Por Luis Javier Álvarez Alfeirán*

El mes de junio es conocido en México y otros países como el mes de la diversidad, aunque en realidad la Unesco haya establecido el 21 de mayo como día mundial para la diversidad cultural para el diálogo y el desarrollo. En junio la comunidad LGBT celebra su fiesta del orgullo y desfila por las calles del mundo haciendo patente su presencia. Banderas multicolor se despliegan en las fachadas de casas y comercios por igual. La gastronomía también abre sus puertas a estas expresiones culturales, desde empresas de frituras que colocan en las envolturas de sus productos distintivos que celebran la diversidad como muestra de apoyo a una comunidad que va ganado espacios sociales, hasta libros de cocina dirigidos a este segmento de la población en particular. Lo importante y verdaderamente relevante, en mi opinión, es hablar de diversidad.

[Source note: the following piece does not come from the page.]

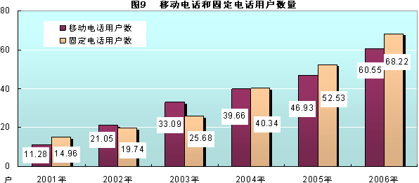 用戶3.25萬戶。新增移動電話交換機(jī)14.00萬門,總?cè)萘窟_(dá)80.00萬門。新增移動電話用戶13.62萬戶,達(dá)到了60.55萬戶。年末全區(qū)固定及移動電話用戶總數(shù)達(dá)到128.77萬戶,比上年末增加29.29萬戶。電話普及率達(dá)到46.5部/百人。

Hemos querido creer que la diversidad se refiere solamente a una identidad de orientación sexual cuando en realidad tiene un sentido claramente superior, en especial cuando hablamos de nuestra vida en sociedad o en comunidad. Es evidente que la diversidad se refiere básicamente a la diferencia o desemejanza; hay pensadores que se refieren a la diversidad como pura y simple negación de la identidad. Wolff la definía diciendo que “son diferentes las cosas que no pueden sustituirse una a la otra”. Todas estas concepciones parecen resaltar la imposibilidad de unidad por lo que, dada la radicalidad de esta idea, podemos decir que nuestras luchas por defender la diversidad se encuentran en realidad con posiciones más cercanas de lo que creemos.

La diversidad, en todas sus expresiones, son fuente de riqueza y crecimiento social y cultural. Tiene su fundamento en la persona y la persona es, según la definición de Boecio “substancia individual de naturaleza racional”, por lo que, al ser una substancia individual, todos somos en realidad diversos, pero nos define también la razón y por la razón debemos ser capaces de encontrar esa unidad que nos haga convivir más allá de nuestras aparentes diferencias.

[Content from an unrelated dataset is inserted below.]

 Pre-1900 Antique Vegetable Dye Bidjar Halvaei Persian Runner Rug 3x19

La gastronomía, como actividad humana y fuente de cultura y tradición, nos puede ayudar a ejemplificar de muchas maneras que lo creemos diverso no siempre lo es y que aún siéndolo, no está llamado a vivir en constante oposición.

La gastronomía mexicana en particular tiene una identidad propia, reconocida y exaltada por la Unesco como Patrimonio Intangible de la Humanidad en el año 2010. Si de acuerdo con nuestras concepciones sociales para otros temas, nos quedáramos en que hay que exaltar la diferencia, nuestra obligación sería mantener la tradición más pura y no buscar enriquecer nuestra gastronomía con ingredientes o tendencias de otras latitudes. Pero ¿qué sucedería entonces con la riqueza culinaria de nuestro país y del mundo?, terminarían sin duda por estancarse al negarse el aporte de otras regiones y otros ingredientes. La gastronomía no busca en la diversidad el aislamiento o el encono, sino que reconoce en ella los beneficios y la utilidad particular, única e individual de los demás y se complementa y enriquece gracias a ella.

La mezcla de culturas diversas, fruto de la migración, la globalización o la mera evolución social, han hecho que el aguacate mexicano sea fundamental en las cocinas de los restaurantes; que el cacao, transformado en chocolate, endulce los corazones del mundo; que la papa, –tesoro de los Incas–, sea alimento que da vida a ricos y pobres y el arroz, –segundo cereal más cultivado después del maíz–, haya cruzado hace siglos las fronteras del oriente para nutrir el occidente, y así, podríamos seguir citando ejemplos claros de los beneficios de diversos productos que hoy son parte de nuestra alimentación cotidiana.

Lo que es diverso llama la atención precisamente por ser diferente, su disrupción complementa a lo que no es igual, está llamado a ser aceptado y no rechazado, su integración genera más valor porque aporta una visión y unas propiedades que no se tenían antes de experimentarse. Tantos son los ingredientes que por su diversidad han sido fundamentales para enriquecer las mesas de la humanidad que no se entiende la gastronomía moderna sin ellos.